*** Opening Input data ***

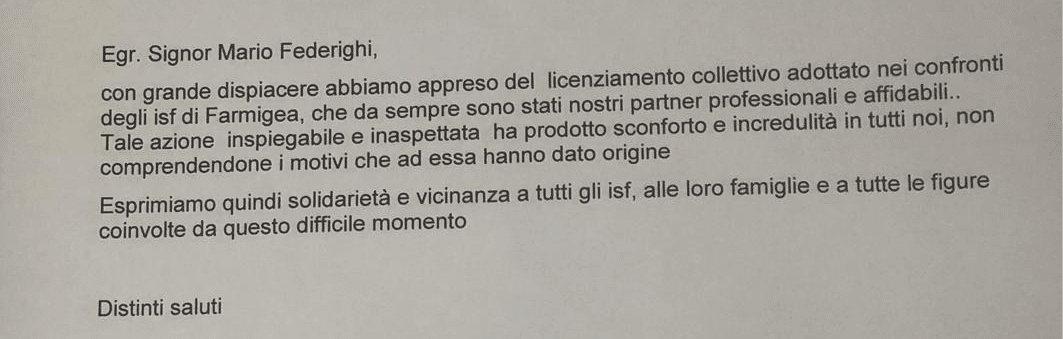 In concomitanza, lunedì dovrebbe arrivare in azienda la prima lettera dell’avvocato dei lavoratori licenziati.
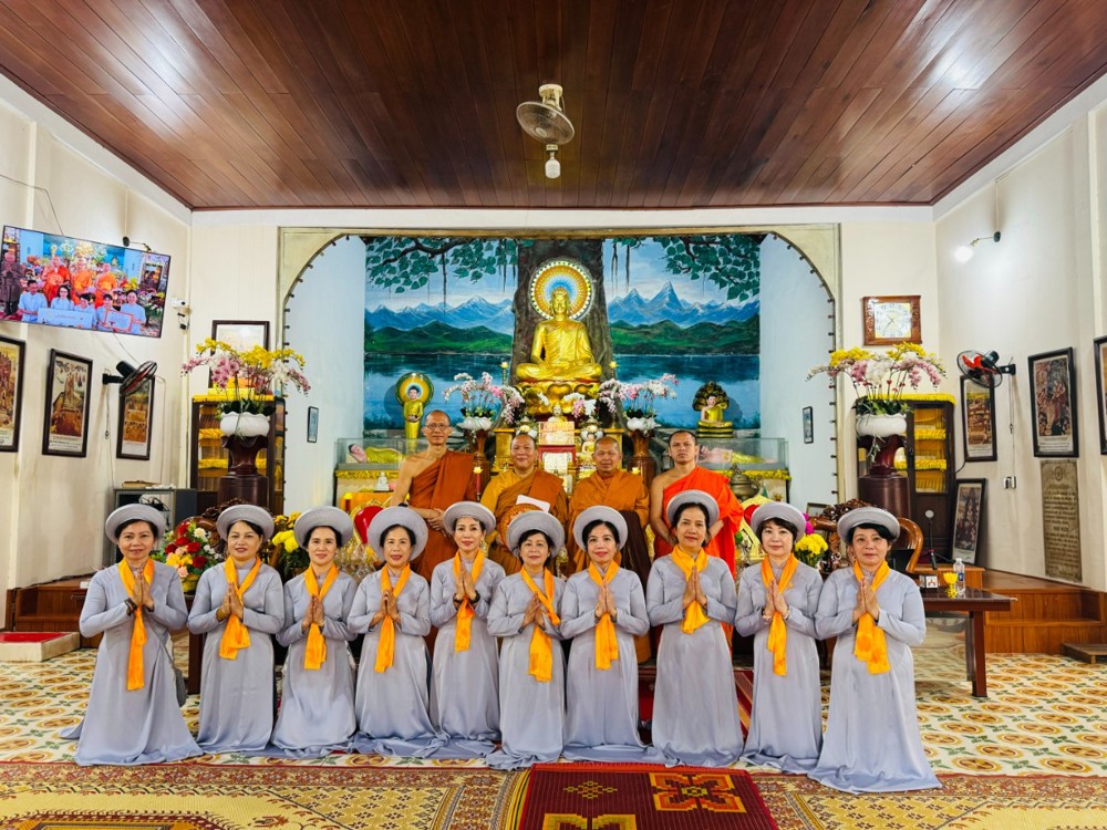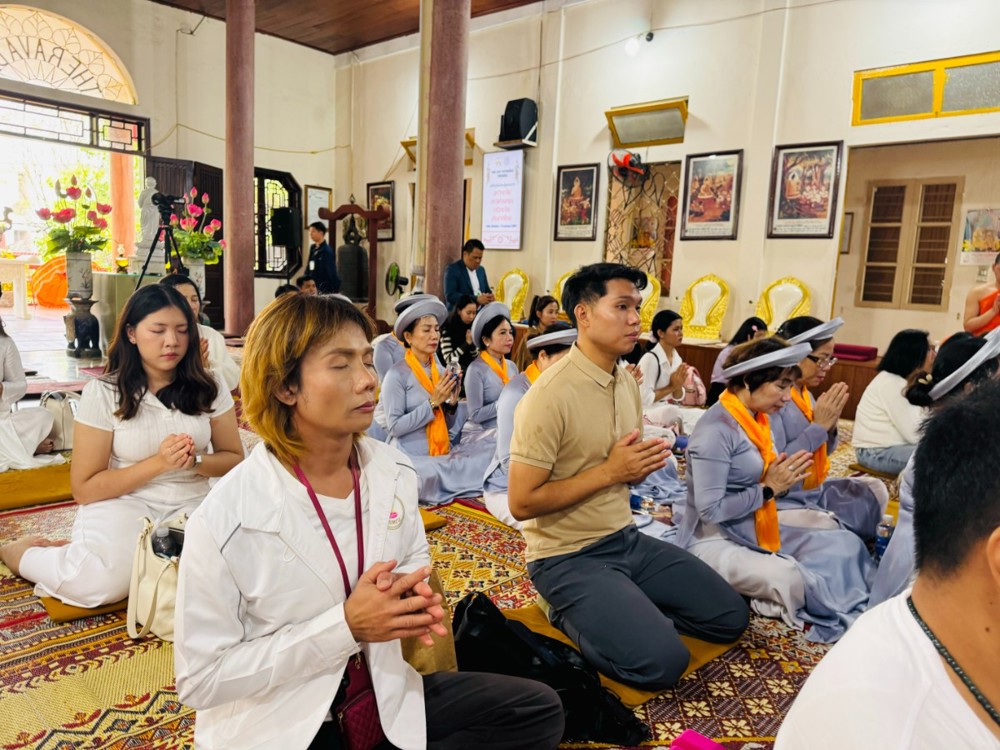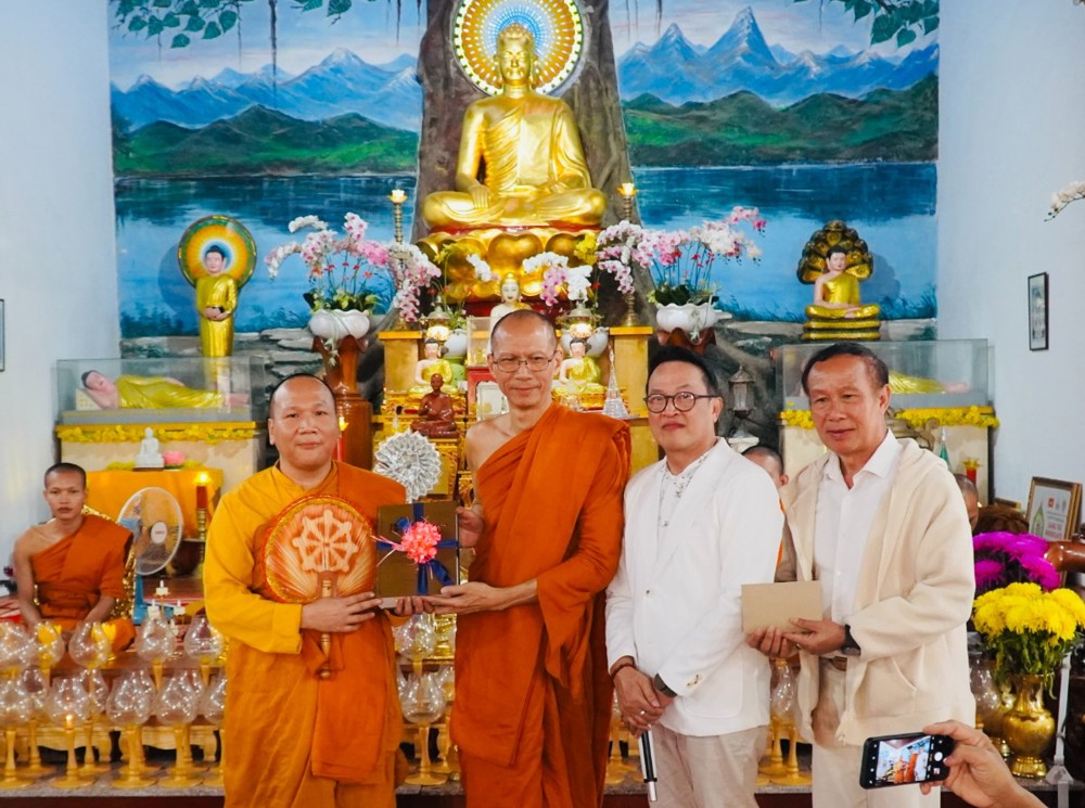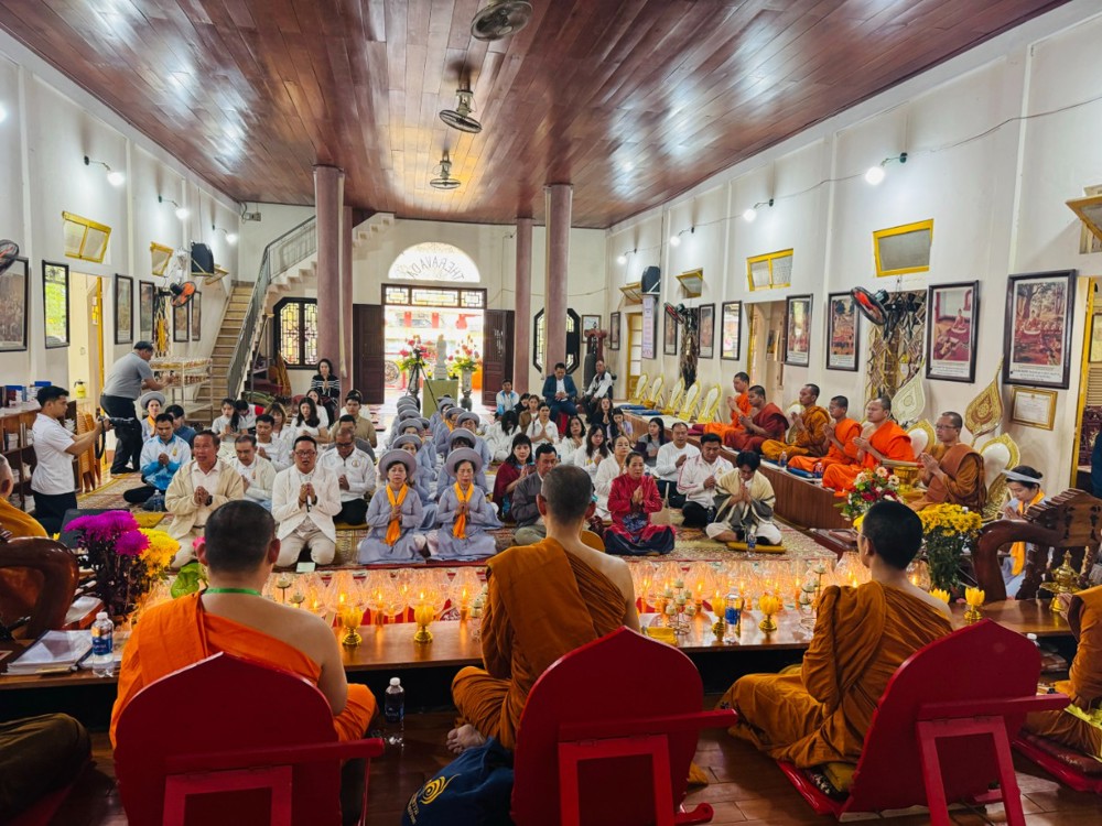 Đón tiếp phái đoàn trong không gian thắm tình đạo vị tại Chánh điện là Đại đức Thích Pháp Hiếu – Phó Chánh Văn phòng Ban Thông tin Truyền thông Trung ương, Ủy viên Ban Phật giáo Quốc tế Trung ương GHPGVN, Ủy viên Hội Hữu nghị Việt Nam – Thái Lan, Trụ trì Chùa Tam Bảo, cùng chư Tăng Phật Tử Việt – Lào – Thái Lan.
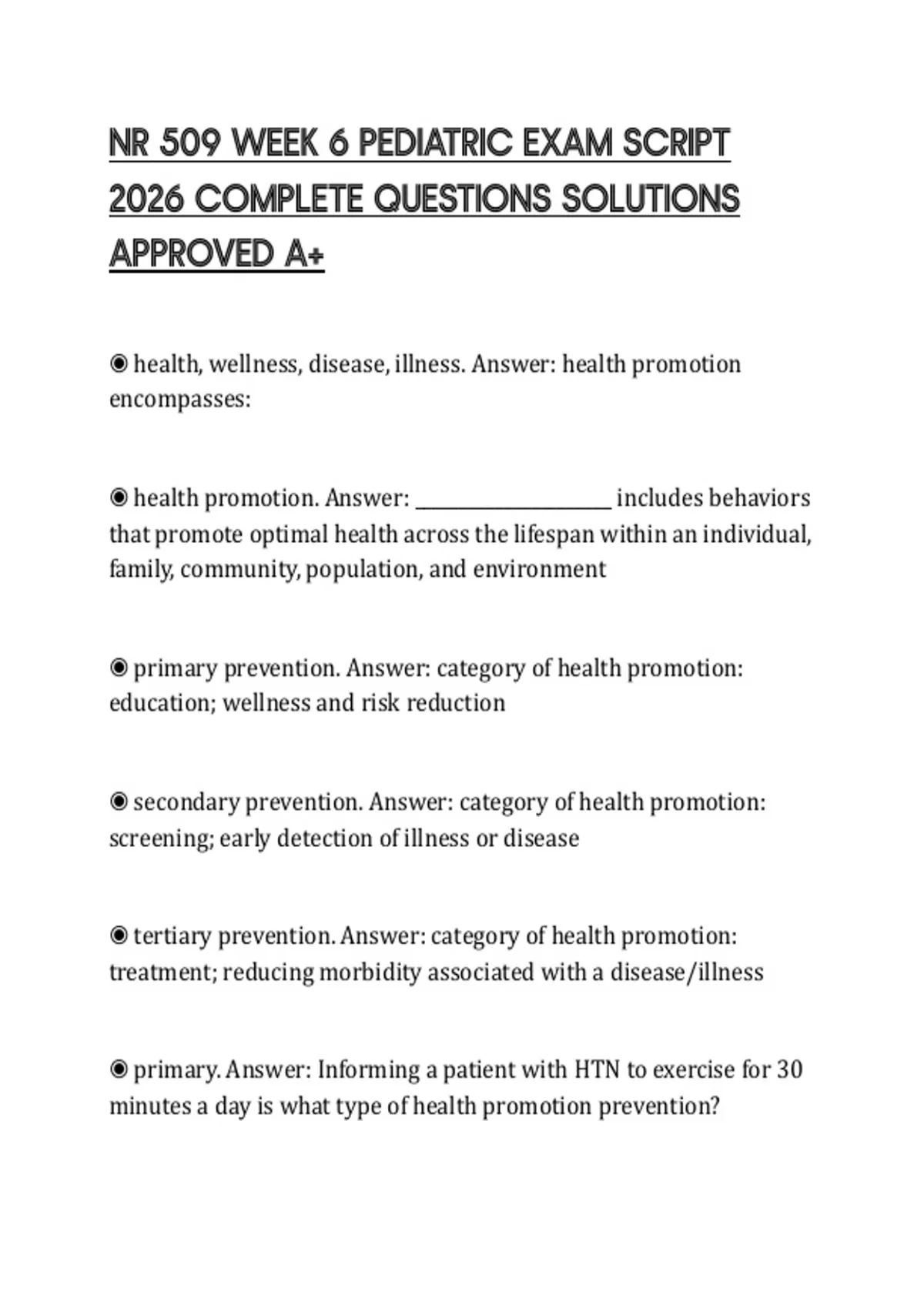 NR 509 WEEK 6 PEDIATRIC EXAM SCRIPT 2026 COMPLETE QUESTIONS SOLUTIONS APPROVED A+
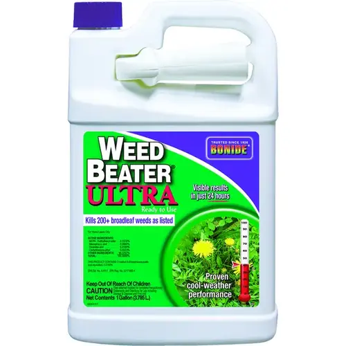 New chemistry that's especially effective on over 200 hard to kill weeds, right to the roots. Visible results in just 24 hrs. Rain fast once dry. Reseed in just 2 weeks. Great cool weather performance down to 45 deg F extends application window to early spring and to late fall when weeds are most susceptible. Non 2,4-D formula contains MCPA, Mecoprop-p, Dicamba and carfentrazone.
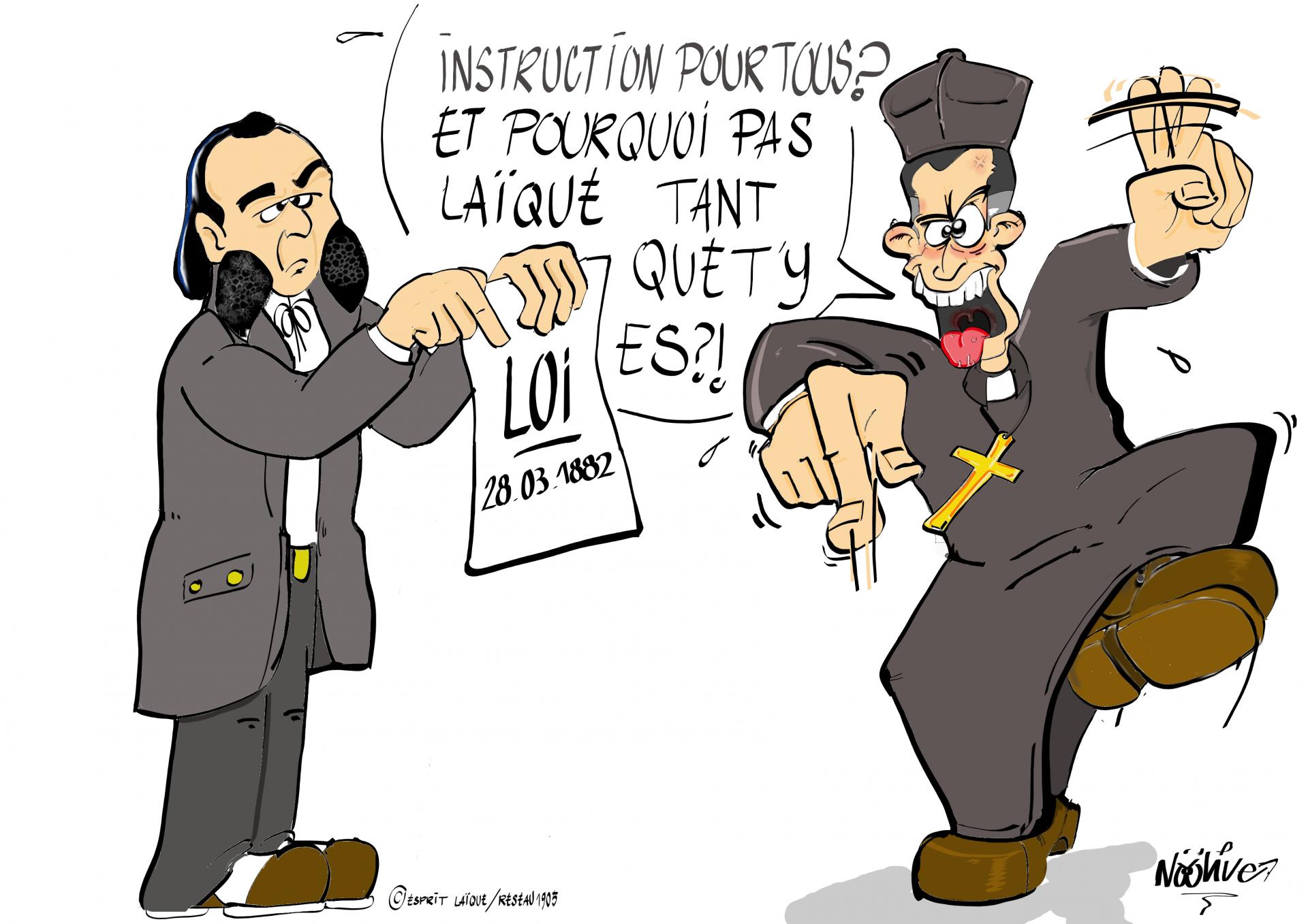 Maintenant qu'on a coupé le bras de l'église sur le créneau de l'instruction, faut assumer. La République décide que plus jamais, il n'y aura de retour en arrière…point barre. 1881- 1882. C'est pas hier ! On est donc passé de l'éducation par des curés, à l'instruction par la République. Côté curé, on était pas d’accord ... Un gros morceau venait de leur filer entre les pattes. Plus de chair à canon idéologique à disposition, il fallait regagner des points ailleurs. Ailleurs où ? À l'église, au catéchisme en étant plus virulent, vicieux etc. etc. et en saoulant les députés et les sénateurs, les maires…bref en faisant de la politique.
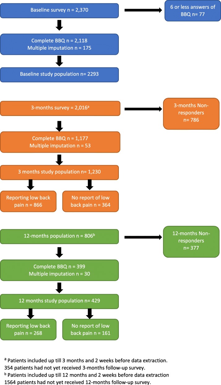 Methods: Patients aged over 18, consulting with LBP with or without radicular pain of all symptom durations, were recruited from chiropractic clinics. The BBQ was completed on the first visit and at 3- and 12-month follow-ups. Sociodemographic- and symptom-related questions were answered at baseline. A BBQ sum score was calculated at all three time points, and linear regression was used to analyse the cross-sectional association between baseline patient characteristics and BBQ scores. Wilcoxon signed-rank test was used to test differences in BBQ scores for patients with and without on-going LBP at 3- and 12-months follow up.
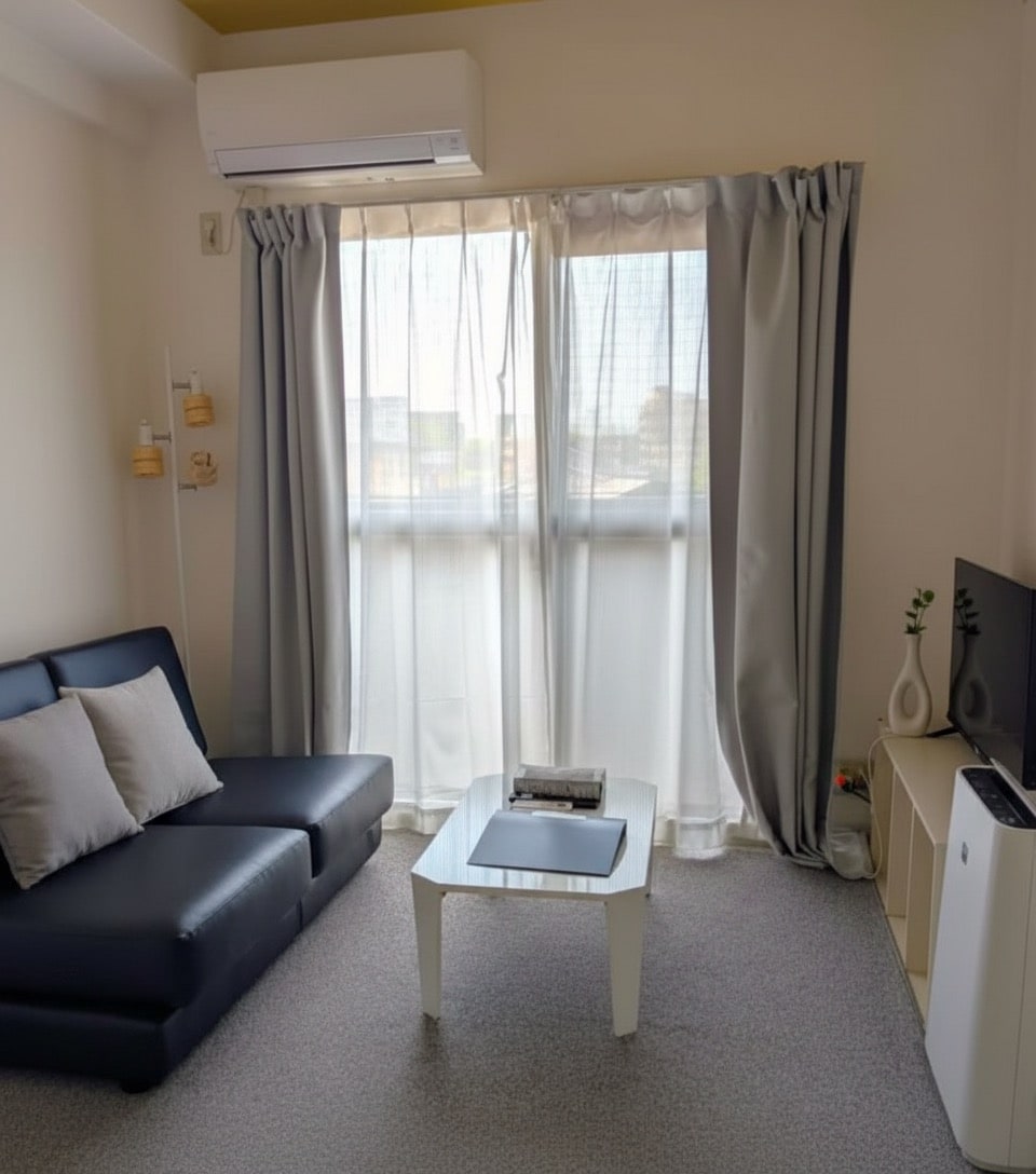Living room with a balcony where you can spend time with family and friends, features a full kitchen. Located between Kitakyushu Airport & tourist spots, it's perfect for a long stay as a base for your Kitakyushu trip. ・Kitakyushu Airport 20 mins by car ・Kokura Station 20 mins by car ・Moji Station 25 mins by car ・Free parking available for one car * Since it's located along a major road, you may hear car noise. If you are sensitive to noise when sleeping, please consider this before booking.
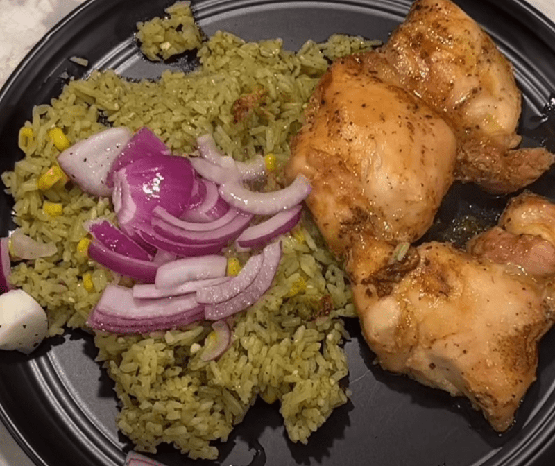 • cilantro blended with 1/4 cup water • onion, garlic, and Aji Amarillo • 3/4 cup dark beer • rice and two cups water • salt • pepper • corn
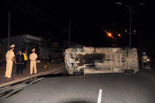 Lúc 4h sáng nay, hiện trường nơi chiếc xe gặp nạn vẫn đang được công an bảo vệ nghiêm ngặt. Nhiều người đi trên xe bị thương nhẹ ngồi ủ rũ bên vệ đường, chiếc xe bị hư hại nặng, một đoạn dải phân cách cũng bị xe tông hỏng.
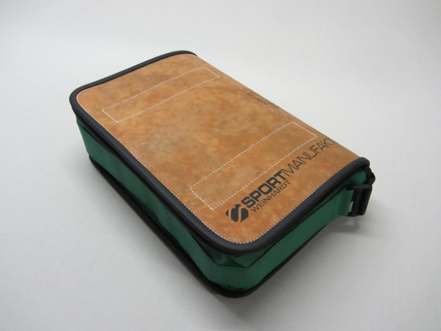 Unsere SMW-Taschen werden noch in echter Handarbeit aus einem Mix von unterschiedlichen ausrangierten Sportgeräten (Turnbock, Boxsäcken, Turnmatten, Zugmanschetten, Turnkästen, Sprungpferd, Schwebebalken, etc.) und neuen Sportgerätematerialien handgefertigt.
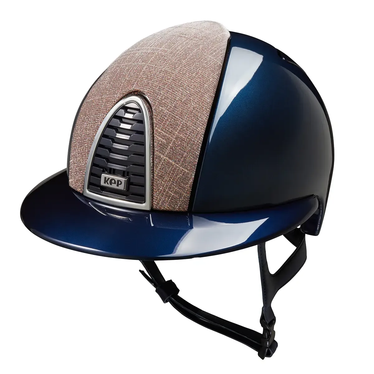 Kep Italia Cromo 2.0 blu lucido con visiera da polo blu lucida e fronte in tessuto speciale rosa galassia con cinturini in pelle blu. Imbottitura interna inclusa nel prezzo, da indicare la taglia nelle note d'ordine.
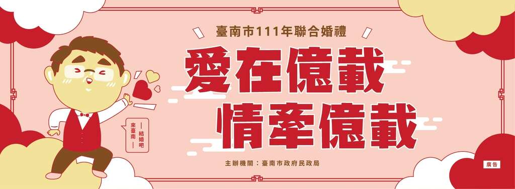 臺南市111年聯合婚禮活動訂於111年7月15日中午12時起正式受理報名(50對額滿截止),歡迎踴躍參與,詳情請參閱

*** Closing Input data ***

#### Aim of the task
Transcribe the entries above verbatim, omitting their pictures.

#### Response to the exercise
 In concomitanza, lunedì dovrebbe arrivare in azienda la prima lettera dell’avvocato dei lavoratori licenziati.
 Đón tiếp phái đoàn trong không gian thắm tình đạo vị tại Chánh điện là Đại đức Thích Pháp Hiếu – Phó Chánh Văn phòng Ban Thông tin Truyền thông Trung ương, Ủy viên Ban Phật giáo Quốc tế Trung ương GHPGVN, Ủy viên Hội Hữu nghị Việt Nam – Thái Lan, Trụ trì Chùa Tam Bảo, cùng chư Tăng Phật Tử Việt – Lào – Thái Lan.
 NR 509 WEEK 6 PEDIATRIC EXAM SCRIPT 2026 COMPLETE QUESTIONS SOLUTIONS APPROVED A+
 New chemistry that's especially effective on over 200 hard to kill weeds, right to the roots. Visible results in just 24 hrs. Rain fast once dry. Reseed in just 2 weeks. Great cool weather performance down to 45 deg F extends application window to early spring and to late fall when weeds are most susceptible. Non 2,4-D formula contains MCPA, Mecoprop-p, Dicamba and carfentrazone.
 Maintenant qu'on a coupé le bras de l'église sur le créneau de l'instruction, faut assumer. La République décide que plus jamais, il n'y aura de retour en arrière…point barre. 1881- 1882. C'est pas hier ! On est donc passé de l'éducation par des curés, à l'instruction par la République. Côté curé, on était pas d’accord ... Un gros morceau venait de leur filer entre les pattes. Plus de chair à canon idéologique à disposition, il fallait regagner des points ailleurs. Ailleurs où ? À l'église, au catéchisme en étant plus virulent, vicieux etc. etc. et en saoulant les députés et les sénateurs, les maires…bref en faisant de la politique.
 Methods: Patients aged over 18, consulting with LBP with or without radicular pain of all symptom durations, were recruited from chiropractic clinics. The BBQ was completed on the first visit and at 3- and 12-month follow-ups. Sociodemographic- and symptom-related questions were answered at baseline. A BBQ sum score was calculated at all three time points, and linear regression was used to analyse the cross-sectional association between baseline patient characteristics and BBQ scores. Wilcoxon signed-rank test was used to test differences in BBQ scores for patients with and without on-going LBP at 3- and 12-months follow up.
Living room with a balcony where you can spend time with family and friends, features a full kitchen. Located between Kitakyushu Airport & tourist spots, it's perfect for a long stay as a base for your Kitakyushu trip. ・Kitakyushu Airport 20 mins by car ・Kokura Station 20 mins by car ・Moji Station 25 mins by car ・Free parking available for one car * Since it's located along a major road, you may hear car noise. If you are sensitive to noise when sleeping, please consider this before booking.
 • cilantro blended with 1/4 cup water • onion, garlic, and Aji Amarillo • 3/4 cup dark beer • rice and two cups water • salt • pepper • corn
 Lúc 4h sáng nay, hiện trường nơi chiếc xe gặp nạn vẫn đang được công an bảo vệ nghiêm ngặt. Nhiều người đi trên xe bị thương nhẹ ngồi ủ rũ bên vệ đường, chiếc xe bị hư hại nặng, một đoạn dải phân cách cũng bị xe tông hỏng.
 Unsere SMW-Taschen werden noch in echter Handarbeit aus einem Mix von unterschiedlichen ausrangierten Sportgeräten (Turnbock, Boxsäcken, Turnmatten, Zugmanschetten, Turnkästen, Sprungpferd, Schwebebalken, etc.) und neuen Sportgerätematerialien handgefertigt.
 Kep Italia Cromo 2.0 blu lucido con visiera da polo blu lucida e fronte in tessuto speciale rosa galassia con cinturini in pelle blu. Imbottitura interna inclusa nel prezzo, da indicare la taglia nelle note d'ordine.
 臺南市111年聯合婚禮活動訂於111年7月15日中午12時起正式受理報名(50對額滿截止),歡迎踴躍參與,詳情請參閱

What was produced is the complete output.